You want to be a lamb? Let me
enlighten you a bit!
This is Tehran, god-dam-it, it’s no
joke!
There is no flower or popsicles!
This is a jungle; eat before you are
eaten!
Here, folks are half oppressed half
wild,
Class differences are extreme.
It wounds and mars the spirit of
people
Side by side the poor and the wealthy,
jammed in a taxi,
None are willing to pay the cabbie
The truth is clear!
Don’t turn a blind eye,
I’ll make it more clear, stay and
don’t give in:
Oh God! Wake up! I have years of
talking to do,
Hey get up, get up,
Don’t get upset of my deeds
You’ve seen nothing! This is just the
beginning.
Oh God! Get up, I, a piece of trash,
need to talk to you
The peddler with his cart stands by a
Mercedes
His whole life and the cart together,
is just a tip for the Mercedes,
You and I and him were all a part of a united drop!
You and I and him were all a part of a united drop!
Now observe in between us the gap
The gravity is not the reason for
earth’s rotation
It’s the money that runs the earth,
isn’t it fun!
These days, there is first money then
the god!
For all; the master, the farmer, the
village keeper.
If a kid wants to play with an orphan,
his father will forbid him,
Why? The orphan wears dirty clothes,
his only clothes!
Oh yeah!
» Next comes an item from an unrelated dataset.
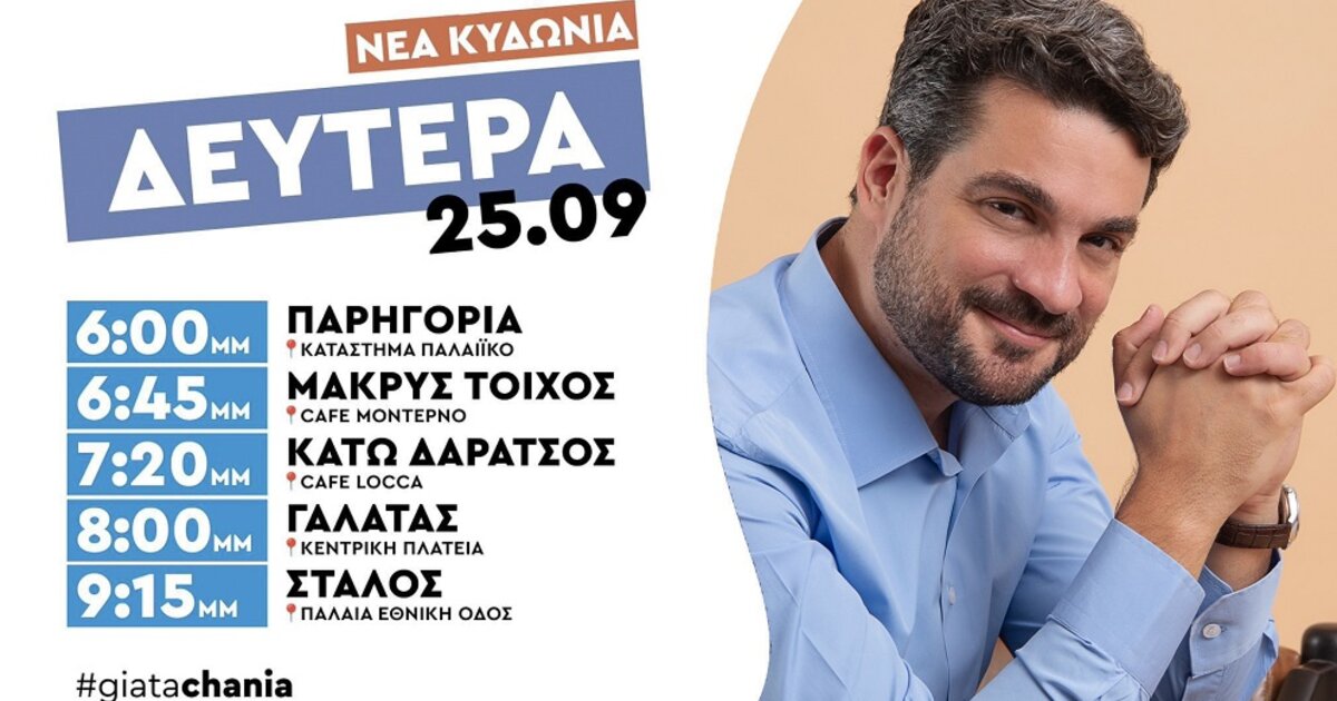 Τη Δευτέρα 25 Σεπτεμβρίου 2023 η ομάδα «Για τα Χανιά» θα περιηγηθεί σε περιοχές της Δημοτικής Ενότητας Νέας Κυδωνίας και συγκεκριμένα:

We are all aware of these
misfortunes,
Even the angels will not cross these
terrains to save us from this fortune!
We don’t need help, Just a drop of
tear is enough for us!
How come the sick one understood me?
I didn’t finish what I was saying, I
gave up! Come back I am not finished!
Oh God! Wake up! I have years of
talking to do
Hey get up, get up,
Don’t get upset of my deeds
You’ve seen nothing! This is just the
beginning.
Oh God! Get up, I, a piece of trash,
need to talk to you
Have you ever been in love with a
girl?
I want to talk, let’s be blunt?
You tell yourself this is it, a
historic love!
Stop dreaming, she is with a rich kid!
Remember that he is the other,
Remember that he is the other,
Leave every thing behind,
You see all those around you as
nothing
And the other, as old as you, is
riding a care, when God sniggers as you!
Then you pray with bitterness that one
day you want to be rich and have a blast!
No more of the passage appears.